#### Available data
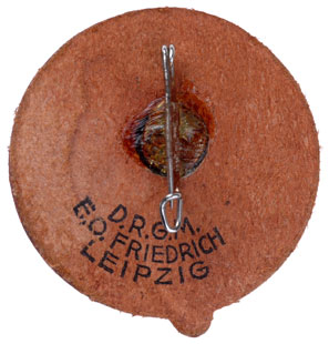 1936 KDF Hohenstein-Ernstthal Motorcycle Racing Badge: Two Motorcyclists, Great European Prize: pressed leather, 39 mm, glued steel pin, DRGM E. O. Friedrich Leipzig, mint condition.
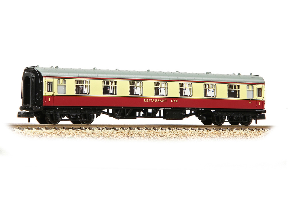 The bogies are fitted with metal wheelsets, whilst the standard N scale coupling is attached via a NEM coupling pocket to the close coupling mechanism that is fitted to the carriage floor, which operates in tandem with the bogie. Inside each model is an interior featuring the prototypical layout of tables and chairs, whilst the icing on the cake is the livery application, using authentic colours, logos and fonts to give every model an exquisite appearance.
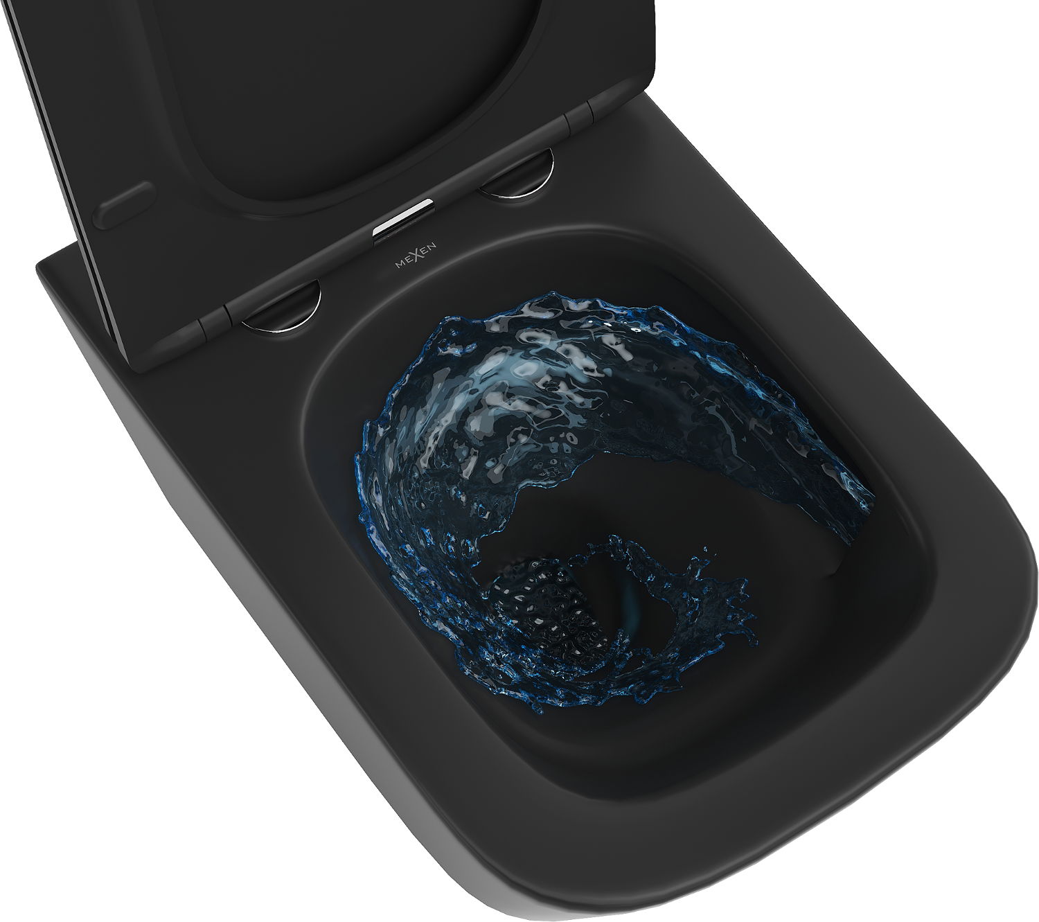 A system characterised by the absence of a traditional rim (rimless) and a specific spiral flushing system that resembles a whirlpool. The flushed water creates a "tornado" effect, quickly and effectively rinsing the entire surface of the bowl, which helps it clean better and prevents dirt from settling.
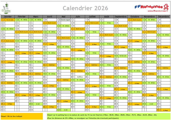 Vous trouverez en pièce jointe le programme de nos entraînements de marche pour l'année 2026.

...

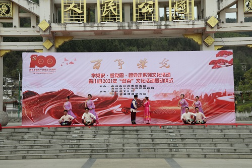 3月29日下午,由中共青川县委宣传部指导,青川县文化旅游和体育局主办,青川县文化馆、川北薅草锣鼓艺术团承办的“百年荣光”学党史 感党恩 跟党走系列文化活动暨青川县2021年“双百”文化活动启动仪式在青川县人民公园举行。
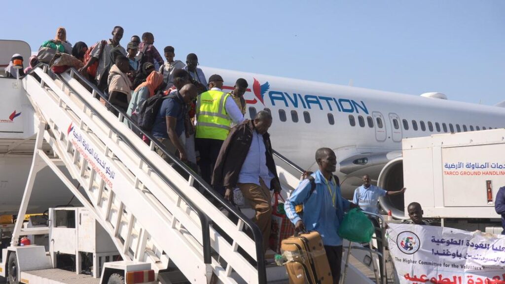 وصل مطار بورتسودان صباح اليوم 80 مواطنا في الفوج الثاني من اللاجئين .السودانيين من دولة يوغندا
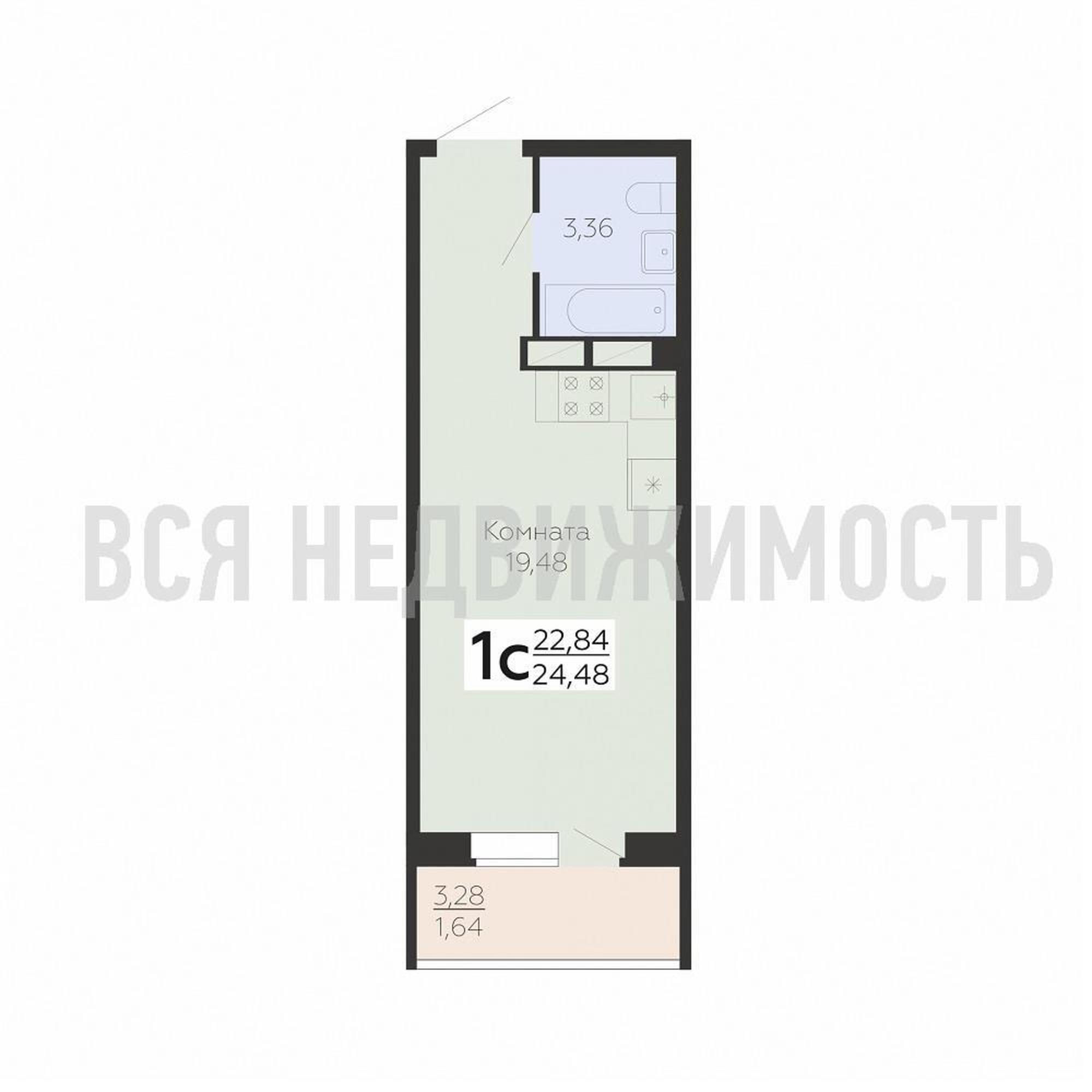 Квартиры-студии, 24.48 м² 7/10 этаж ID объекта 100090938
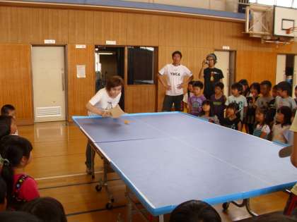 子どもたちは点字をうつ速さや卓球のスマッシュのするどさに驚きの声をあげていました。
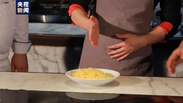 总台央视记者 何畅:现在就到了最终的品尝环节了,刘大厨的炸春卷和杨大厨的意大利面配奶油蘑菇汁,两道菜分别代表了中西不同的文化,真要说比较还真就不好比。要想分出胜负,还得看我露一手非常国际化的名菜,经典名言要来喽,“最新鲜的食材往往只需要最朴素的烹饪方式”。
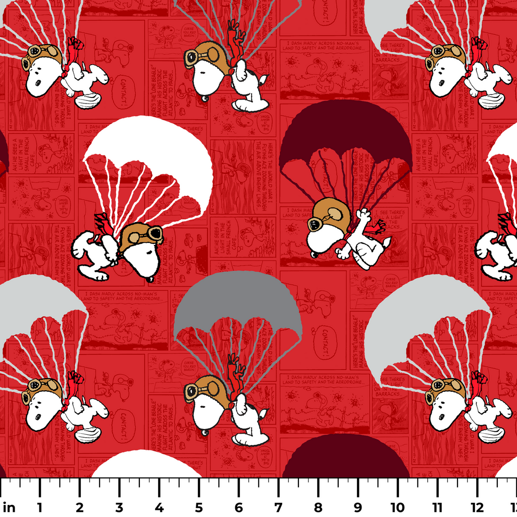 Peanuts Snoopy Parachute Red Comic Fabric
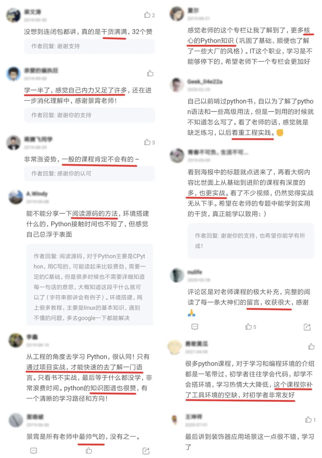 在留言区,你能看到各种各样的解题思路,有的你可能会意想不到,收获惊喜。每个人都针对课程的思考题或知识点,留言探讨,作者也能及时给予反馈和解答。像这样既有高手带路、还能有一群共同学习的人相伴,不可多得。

#### Problem
When you reach the line holding "子どもたちは点字をうつ速さや" in the listing above, begin retyping exactly, and stop once the line holding "在留言区,你能看到各种各样的" is done; pictures stay out.

#### Reply to the task
 子どもたちは点字をうつ速さや卓球のスマッシュのするどさに驚きの声をあげていました。
 总台央视记者 何畅:现在就到了最终的品尝环节了,刘大厨的炸春卷和杨大厨的意大利面配奶油蘑菇汁,两道菜分别代表了中西不同的文化,真要说比较还真就不好比。要想分出胜负,还得看我露一手非常国际化的名菜,经典名言要来喽,“最新鲜的食材往往只需要最朴素的烹饪方式”。
 Peanuts Snoopy Parachute Red Comic Fabric
 在留言区,你能看到各种各样的解题思路,有的你可能会意想不到,收获惊喜。每个人都针对课程的思考题或知识点,留言探讨,作者也能及时给予反馈和解答。像这样既有高手带路、还能有一群共同学习的人相伴,不可多得。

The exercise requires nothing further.